» Work request
In the records that follow, find the line containing "第十四条 本规定自2020年" and the line containing "Storm clouds loom", then transcribe both and every line between them exactly, omitting pictures.

» Excerpted data
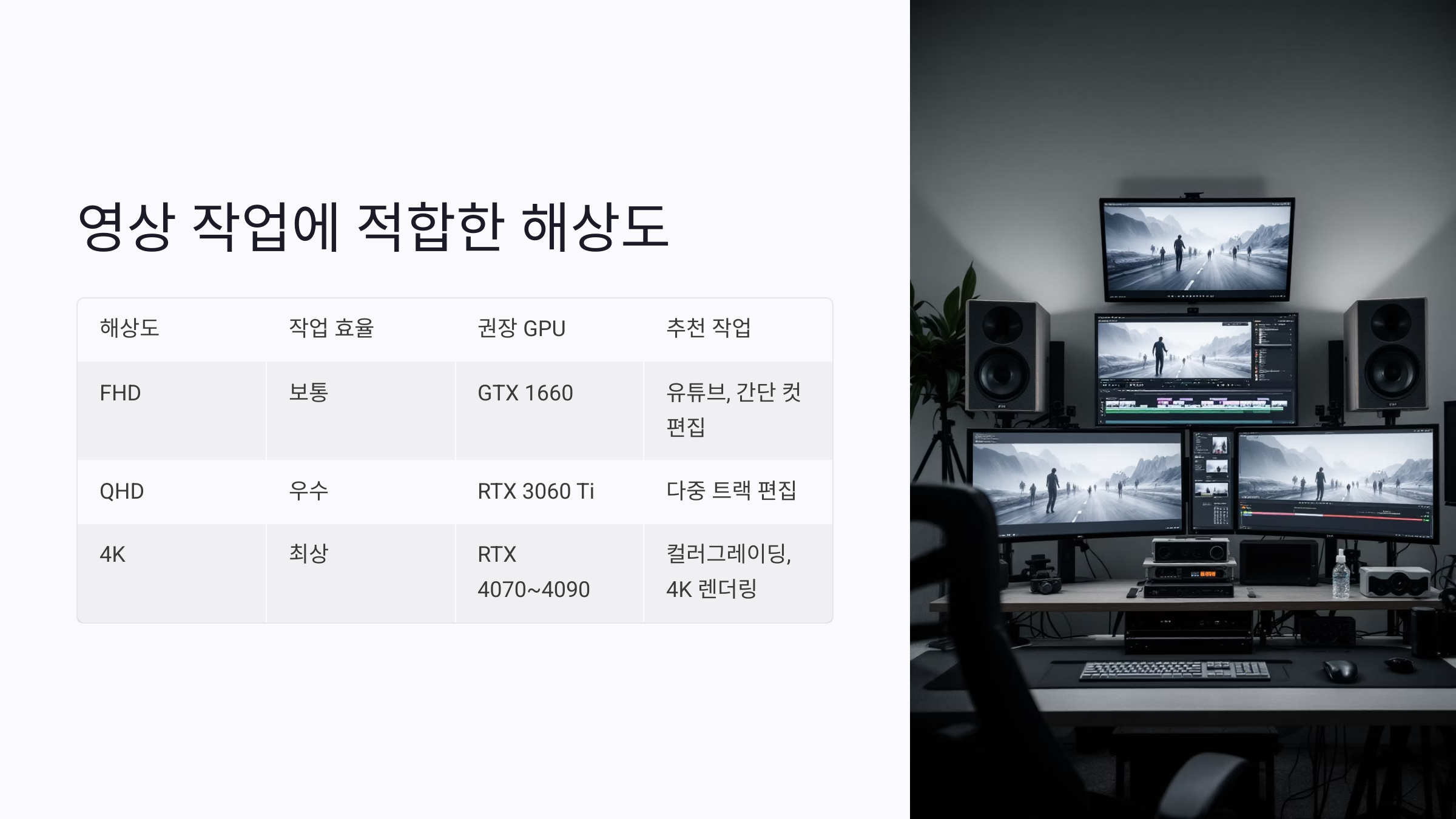 | 해상도 | 작업 효율 | 권장 GPU | 추천 작업 |
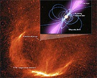 Stanford CA (SPX) Oct 23, 2008 About three times a second, the rotating corpse of a 10,000-year-old star sweeps a beam of gamma rays toward Earth. This object, known as a pulsar, is the first one known to "blink" at Earth only in gamma rays, and was discovered by an orbiting observatory launched in June with significant involvement from researchers at Stanford and the SLAC National Accelerator Laboratory. "This is the first example of a new class of pulsars that will give us fundamental insights into how stars work," said Stanford astrophysicist Peter Michelson, the principal investigator for the Large Area Telescope (LAT), which is carried aboard NASA's orbiting observatory, the Fermi Gamma-ray Space Telescope. Researchers at SLAC get the first peek at the celestial data beamed down from LAT before sending it on to an international collaboration of scientists for analysis. The gamma-ray-only pulsar lies within a supernova remnant known as CTA 1, about 4,600 light-years away from Earth in the constellation Cepheus. Its lighthouse-like beam of gamma rays sweeps across Earth every 316.86 milliseconds and emits 1,000 times the energy of our sun. Details of the discovery appear in the Oct. 16 edition of Science Express. A pulsar is a rapidly spinning neutron star, the crushed core left behind when a massive star explodes. Astronomers have cataloged nearly 1,800 pulsars. Although most were found through their pulses of radio waves, some of these objects also beam energy in other forms, including visible light, X-rays and gamma rays, each of which occupy their own spot on the electromagnetic spectrum. Unlike previously discovered pulsars, the source in CTA 1 appears to blink only in gamma-ray energies and offers researchers a new way to study the stars in our universe. Scientists think CTA 1 is only the first of a large population of similar objects. "The LAT provides us with a unique probe of the galaxy's pulsar population, revealing objects we would not otherwise even know exist," said Steve Ritz, NASA's project scientist for the Fermi observatory. He is stationed at NASA's Goddard Space Flight Center in Greenbelt, Md. The pulsar in CTA 1 is not located at the center of the supernova remnant's expanding gaseous shell. Supernova explosions can be asymmetrical, often imparting a "kick" that sends the neutron star careening through space. Based on the remnant's age and the pulsar's distance from its center, astronomers believe the neutron star is moving at about a million miles per hour. It is possible that the pulsar is emitting radio waves-thus far unseen-in addition to gamma rays. "The radio beam probably never swings toward Earth, so we never see it. But the wider gamma-ray beam does sweep our way," explained NASA's Alice Harding. The LAT scans the entire sky every three hours and detects photons with energies ranging from 20 million to more than 300 billion times the energy of visible light. The instrument sees about one gamma ray each minute from CTA 1. That's enough for scientists to piece together the neutron star's pulsing behavior, its rotation period and the rate at which it is slowing down. A pulsar's beams arise because neutron stars possess intense magnetic fields and rotate rapidly. Charged particles stream outward from the star's magnetic poles at nearly the speed of light to create the gamma-ray beams the telescope sees. Because the beams are powered by the neutron star's rotation, they gradually slow the pulsar's spin. In the case of CTA 1, the rotation period is increasing by about one second every 87,000 years. This measurement is also vital to understanding the dynamics of the pulsar's behavior and can be used to estimate the pulsar's age. From the slowing period, researchers have determined that the pulsar is actually powering all the activity in the nebula where it resides. "This observation shows the power of the LAT," Michelson says. "It is so sensitive that we can now discover new types of objects just by observing their gamma-ray emissions." The list of authors for the article in Science Express demonstrates the collaborative nature of the gamma-ray research. The list contains scientists from 48 research groups in the United States, Italy, France, Sweden, Japan and Germany. Community Email This Article Comment On This Article Related Links Stanford Stellar Chemistry, The Universe And All Within It
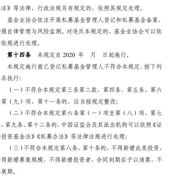 第十四条 本规定自2020年月日起施行。本规定施行前已登记私募基金管理人不符合本规定,按下列要求执行:
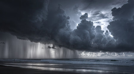 Storm clouds loom over the ocean, casting shadows on turbulent waters. Rain cascades down from the clouds, creating a dramatic scene on the beach as waves crash onto the shore.
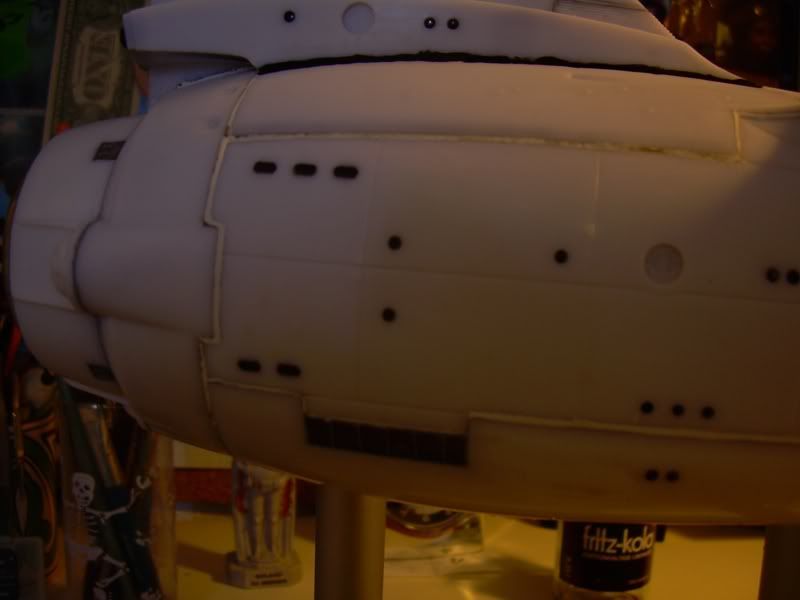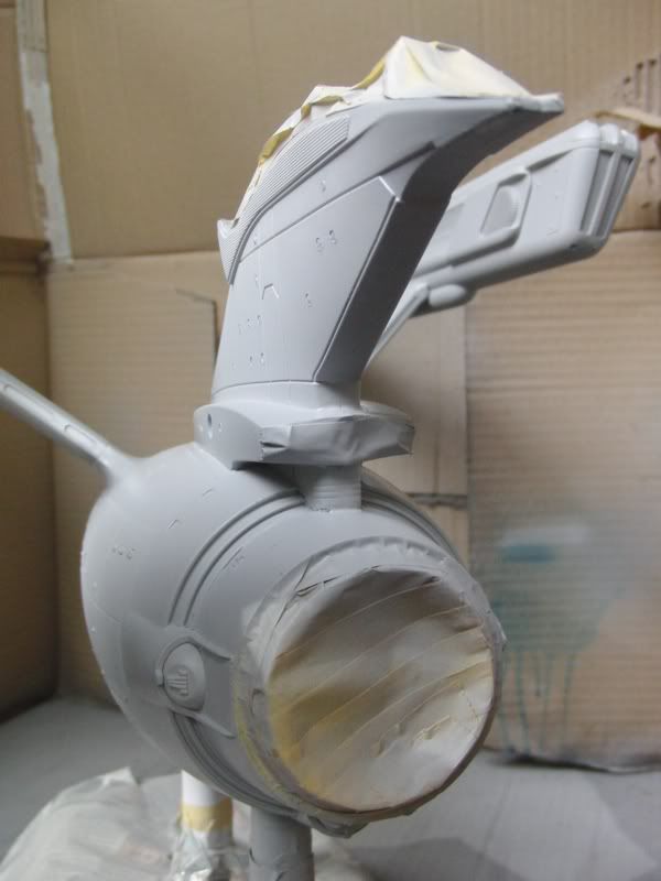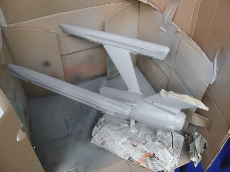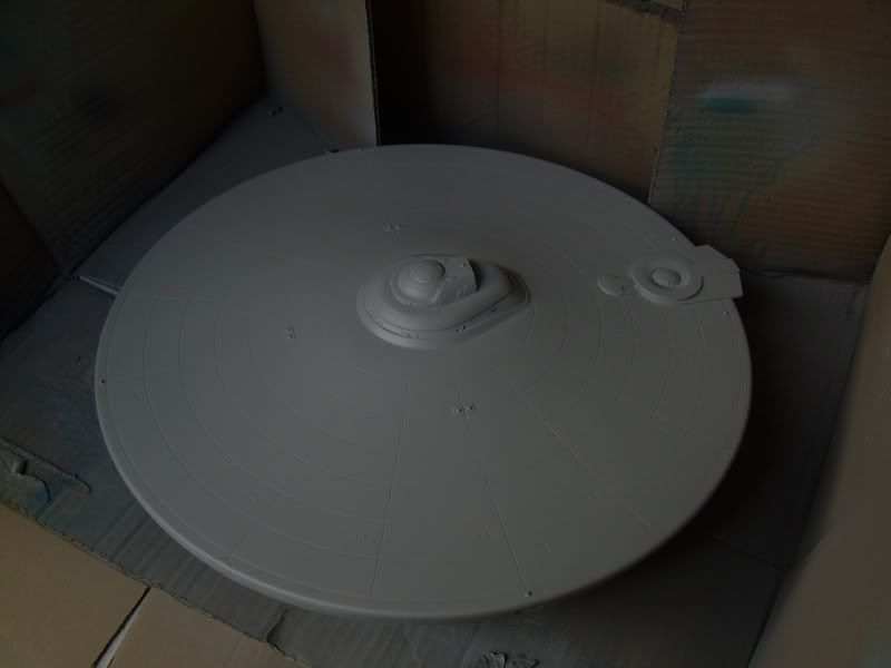 So ich denke das lange Schleifen und Ausbessern hat sich gelohnt, ich habe heute noch eine Schicht Lack draufgesprüht und bin soweit endlich zufrieden  :angel:. Ein zwei kleine Stellen müßen noch verschliffen werden, aber dann kann endlich der weiße Perllack drauf  ;D. Den Discus hab ich auch schon die erste Lackschicht spendiert, da werd ich noch dran müssen, aber da ist nicht so viel auszubessern wie am Rumpf   ;).

» Solution
 第十四条 本规定自2020年月日起施行。本规定施行前已登记私募基金管理人不符合本规定,按下列要求执行:
 Storm clouds loom over the ocean, casting shadows on turbulent waters. Rain cascades down from the clouds, creating a dramatic scene on the beach as waves crash onto the shore.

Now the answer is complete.